Single by Siouxsie and the Banshees

from the album The Rapture
- B-side: B Side Ourselves; Swimming Horses (Live); All Tomorrow's Parties (Live);
- Released: 28 December 1994
- Recorded: 1994
- Genre: Pop rock; alternative rock;
- Label: Polydor
- Songwriters: Siouxsie and the Banshees
- Producer: John Cale

Siouxsie and the Banshees singles chronology
| "Face to Face" (1992) | "O Baby" (1994) | "Stargazer" (1995) |

Music video
- "O Baby" on YouTube

Siouxsie Sioux singles chronology
| ""Interlude" Morrissey & Siouxsie" (1994) | "O Baby" (1995) | "Stargazer" (1995) |

= O Baby =

"O Baby" is a song written and recorded by English rock band Siouxsie and the Banshees. It was produced by John Cale and released in December 1994, by Polydor Records, as the first single from the band's 11th studio album, The Rapture (1995).

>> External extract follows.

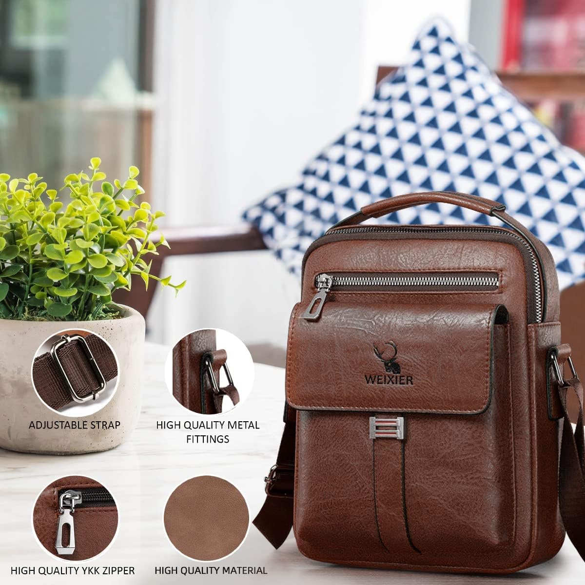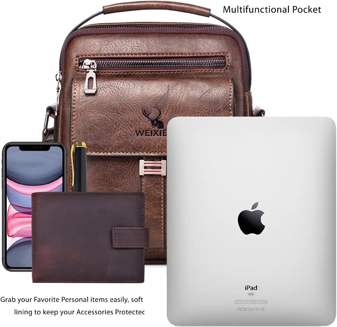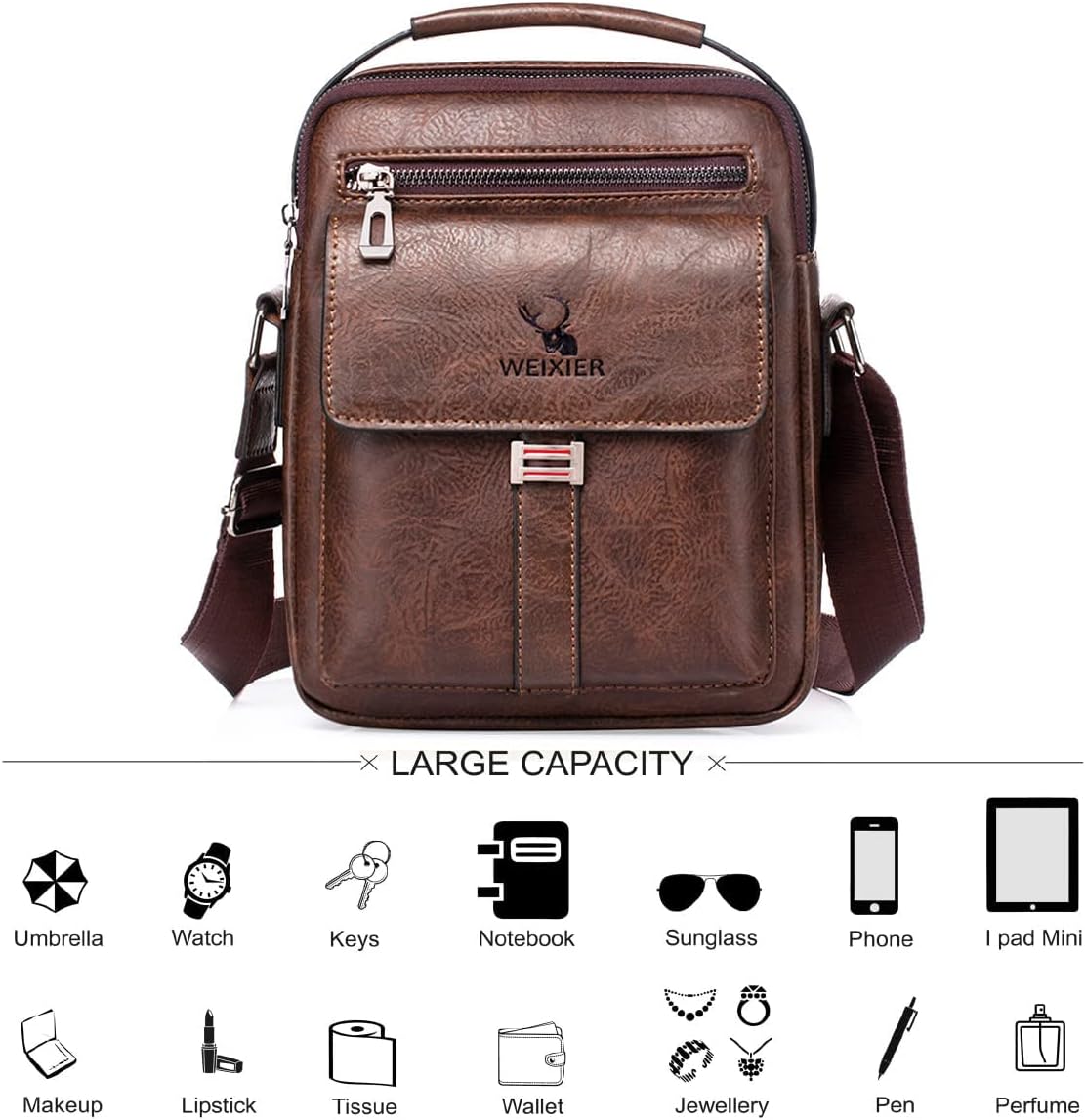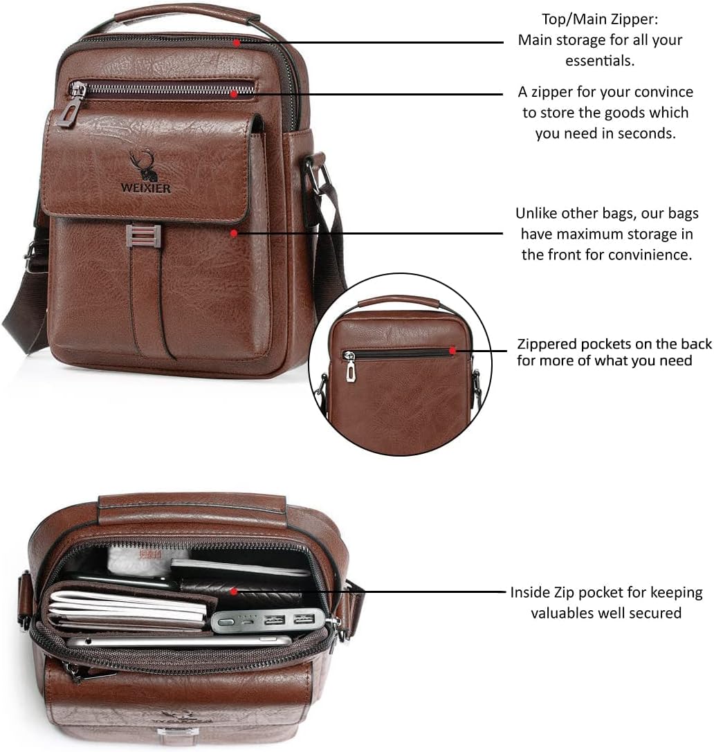- 【Large Capacity Fashionable Shoulder Messenger Bag】Size: 24X8 X 20.5 cm, there are multiple pockets for iPad, mobile phone, wallet, passport, glasses, travel documents, power bank, flashlight, pen, keys, etc. Leather Crossbody Structure: the front pocket is designed with a three-dimensional flap for easy access to items on the go. Zippered pockets on the back for easy storage of your phone or personal items.

==Background, music and video==
The song is much different musically and lyrically than almost all of Siouxsie and the Banshees' previous releases. It is an up-tempo love song with a skipping rhythm, light guitar work and straightforward, cheerful lyrics by Siouxsie Sioux ("...the cracks in the ground grin up at me / Even the creases in my shoes smile up at me..."). The promotional video was shot in Flagstaff, Arizona at a beauty pageant with young girls: director John Hillcoat filmed it as a documentary.

The B-side, "B Side Ourselves", was performed by the band during all the shows of their 1995 tour. The extra tracks were live acoustic versions of "Swimming Horses" and "All Tomorrow's Parties" (composed by the Velvet Underground), both recorded in December 1991 at a concert organized by radio station KROQ.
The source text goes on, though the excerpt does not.